Joerg Burger’s meticulous and mesmerising study of the Vienna Museum of Natural History is itself a work of natural history, in that it studies its core subject from a number of methodological angles. In one level, it simply puts the displays on display via some exquisitely composed, high-resolution photography that drinks in the rooms, both public and private, where the many collections dwell; vitrine after vitrine, drawer upon drawer, archive boxes until the end of time, with beetles, geological samples, taxidermied birds and botanical samples, each one lovingly tagged and sorted.
That said, the fact that the archive is only maybe 10% digitised and indexed means that the staff clock up kilometres’ worth of walking every day as they search for requested items: as such this is also a study of information science at a point of crisis.
We explore, too, the ethics of museums such as this, founded by wealthy collectors and royalty who plundered colonies and newly discovered lands in the name of science but also for glory. Reparations are made, apologies issued. While gingerly assembling the remains of an elephant for display, a curator explains that this particular beast was killed as recently as the 1970s by one of his predecessors at the museum while on a safari holiday; the skin was shipped back for the collection but most of it rotted and what remains is largely synthetic.

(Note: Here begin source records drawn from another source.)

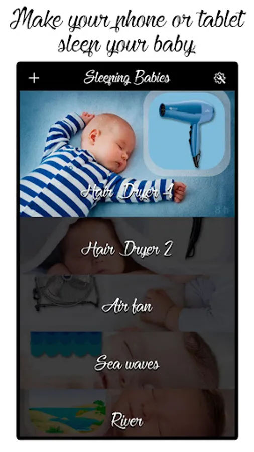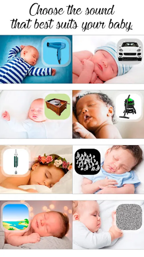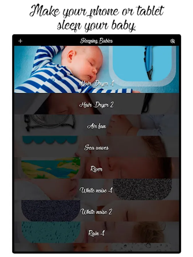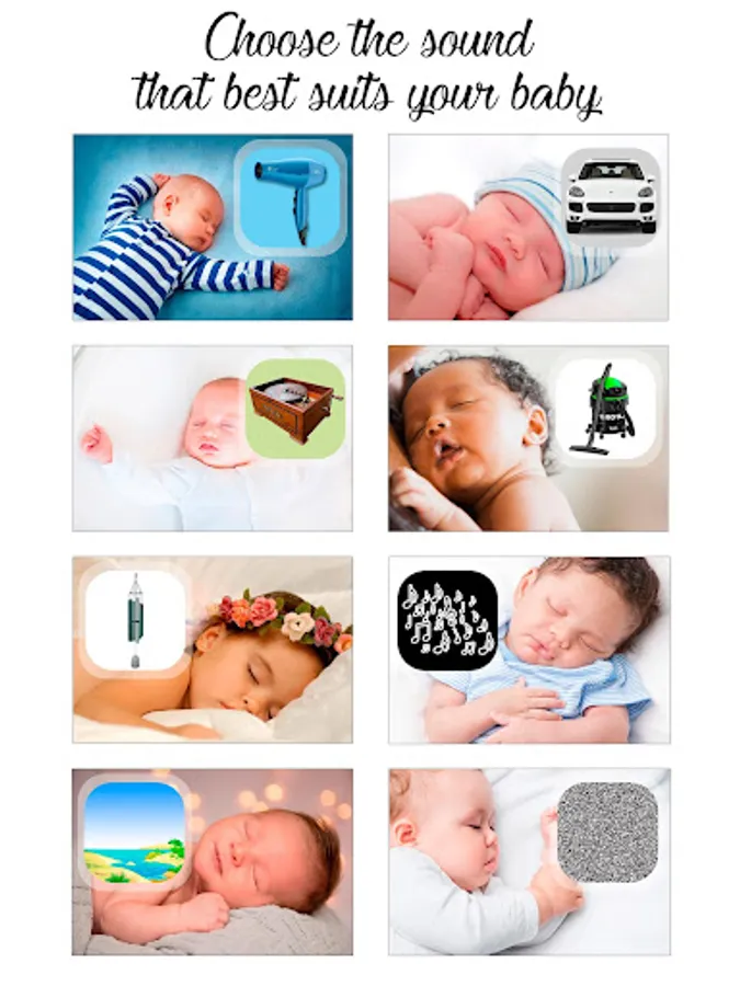 With this app you will have it easy. It is proven that white sounds help babies to sleep.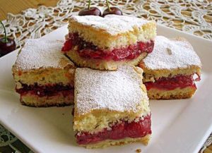 Kada se kolač ispeče, ostavi se da se potpuno ohladi. Tek tada se seče na kocke ili štanglice – po želji – i pospe šećerom u prahu radi dodatne arome i vizuelnog dojma. Servira se hladan ili na sobnoj temperaturi, a posebno lepo ide uz osvežavajući napitak poput limunade ili čaja.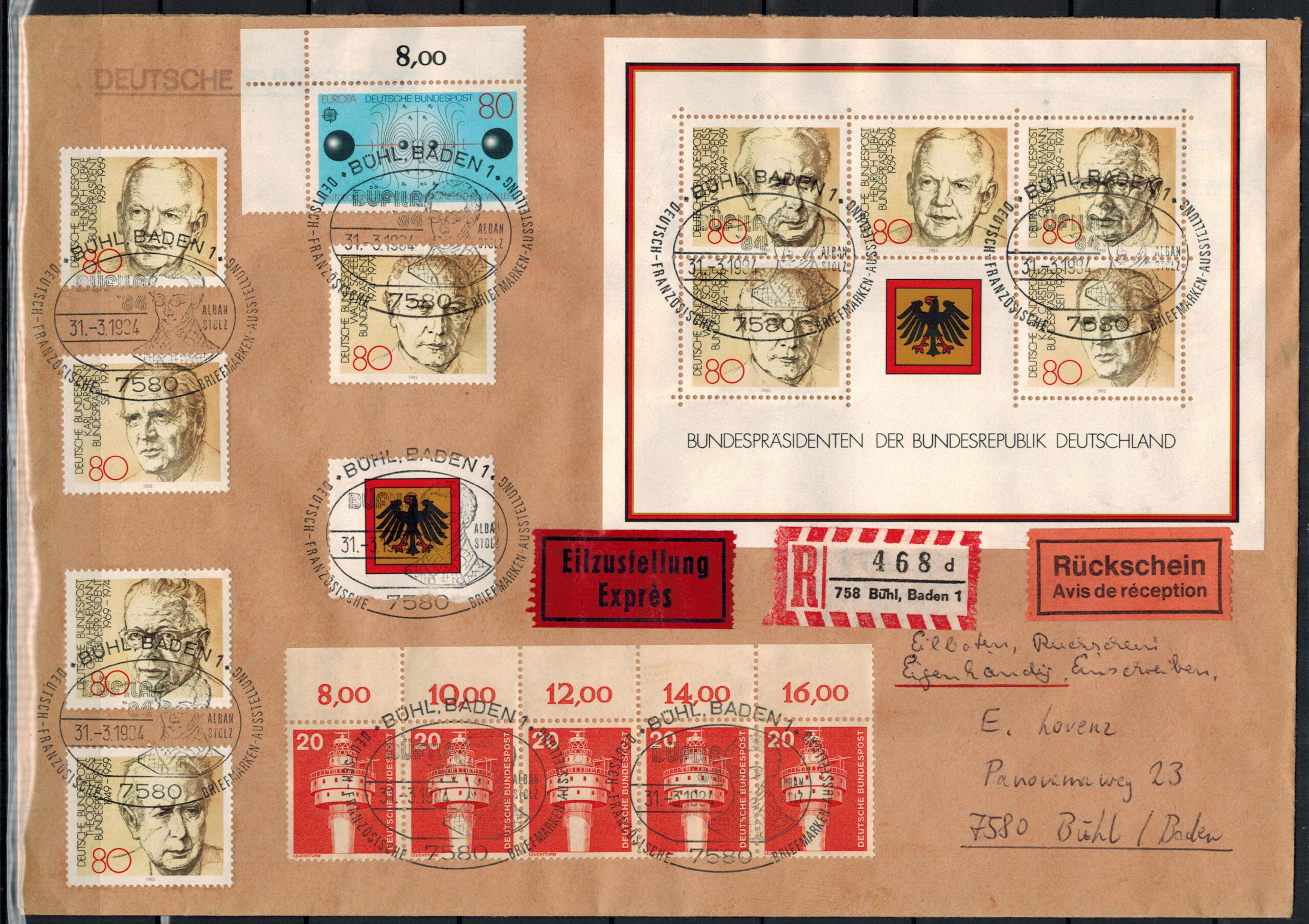 Bund Block 18 + einzelne Blockmarken als MiF auf wunderschönem portogerechtem „Eilboten, Rückschein, Eigenhändig Einschreibenbrief“ !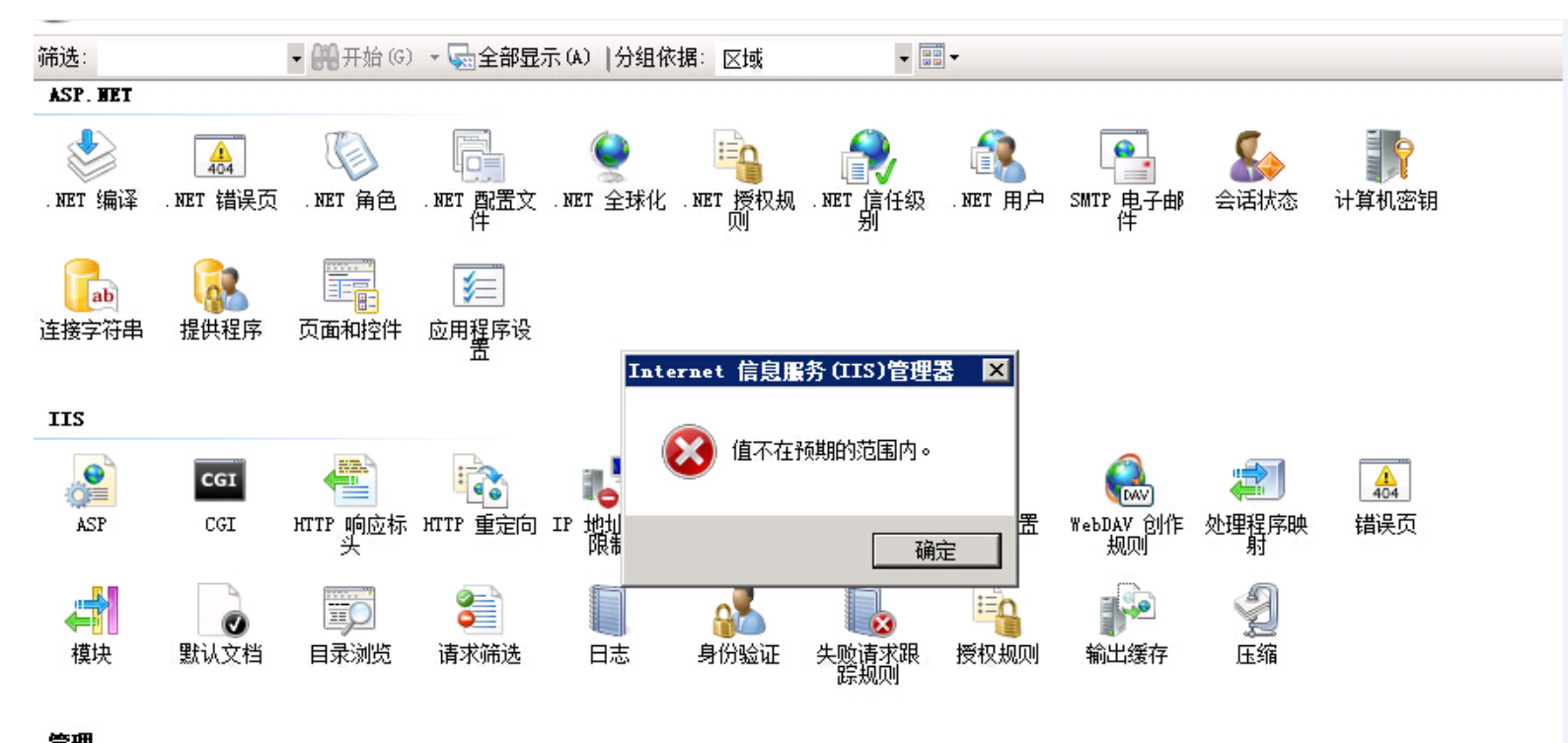 **另一版本出错现象**:win7/8/2008下,原来是framework 2.0的运行正常,后来把网站包括类库升级成4.0框架,在iis里把网站对应的应用程序池对应的框架版本也改成了4.0,再浏览时把不开网页,在iis管理点击右边的启动,弹出错误提示 "值不在预期的范围".

Those who find watching crafters at work are in for a treat, with many soothing minutes devoted to the observation of the museum’s staff endlessly painting, sculpting, scanning and photographing objects. Surprisingly, quite a few of these artisans are volunteers, happy to give their time and expertise to Austrian society out of gratitude for their state benefits. Again, on a meta level the film itself is a work of painstaking crafting, seamlessly edited, fluent, thoughtful and immersive like a visit to the museum itself.
• Archive of the Future is on True Story from 7 March.